Title: Analysis of Patterns and Trends in COVID-19 Research Cord-id: 57r3pq16 Document date: 2021_1_1
ID: 57r3pq16
Snippet: News and information surrounding the COVID-19 pandemic is ever-evolving and accumulating. Due to the global relevance and importance, it is critical to be able to parse through the available information in an efficient and reliant manner to gauge scientific progression and understandings surrounding COVID-19. In this research, abstracts from a corpus of scientific articles are evaluated using different Natural Language Processing (NLP) techniques, including Term Frequency-Inverse Document Freque
Document: News and information surrounding the COVID-19 pandemic is ever-evolving and accumulating. Due to the global relevance and importance, it is critical to be able to parse through the available information in an efficient and reliant manner to gauge scientific progression and understandings surrounding COVID-19. In this research, abstracts from a corpus of scientific articles are evaluated using different Natural Language Processing (NLP) techniques, including Term Frequency-Inverse Document Frequency (TF-IDF), Latent Dirichlet Allocation (LDA), Bidirectional Encoder Representations from Transformers (BERT), and sentiment analysis, to better understand the breadth of extant literature. Results from the analyses show that in the very large corpus datasets, a large group of documents encompasses the overall or dominant general theme. However, the smaller clusters of documents reveal very precise and niche themes. Generalized COVID-19 is the dominant theme present in largest clusters.
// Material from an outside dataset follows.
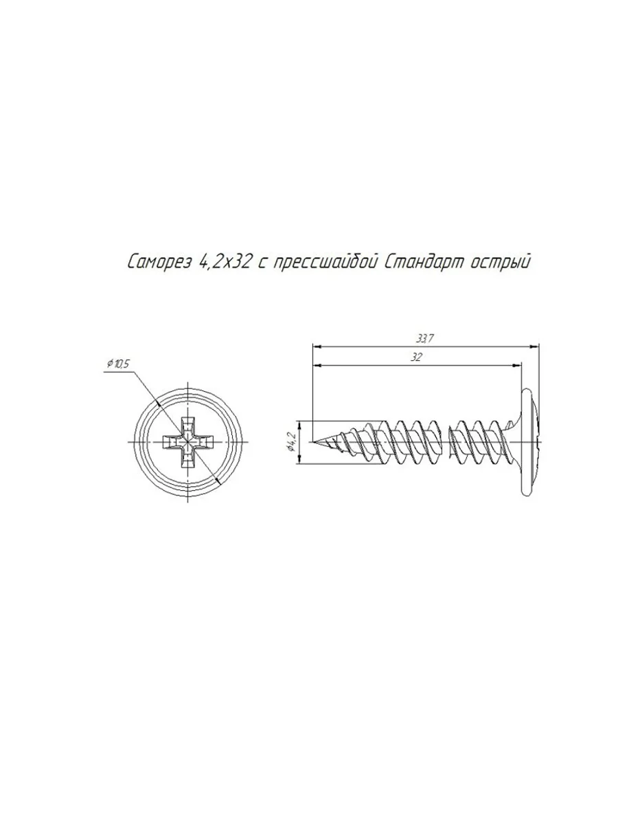 Саморез 4.2х32 с прессшайбой острый цинк (уп.500шт) Промрука | KeepBuilding

Smaller clusters include more specific terms (e.g., popular drugs, popular terms, key features/impacts related to COVID). With the resulting clusters, sentiment analysis was run to discover slight fluctuations over time depending on cluster with an overall relatively neutral sentiment. Overall, the precision of the BERT clusters distinguishes niche topics within the large corpus of literature and enables interesting and meaningful text analytics. (c) 2021 The Authors. Published by Elsevier B.V. This is an open access article under the CC BY-NC-ND license (https://creativecommons.org/licenses/by-nc-nd/4.0) Peer-review under responsibility of the scientific committee of the Complex Adaptive Systems Conference, June 2021.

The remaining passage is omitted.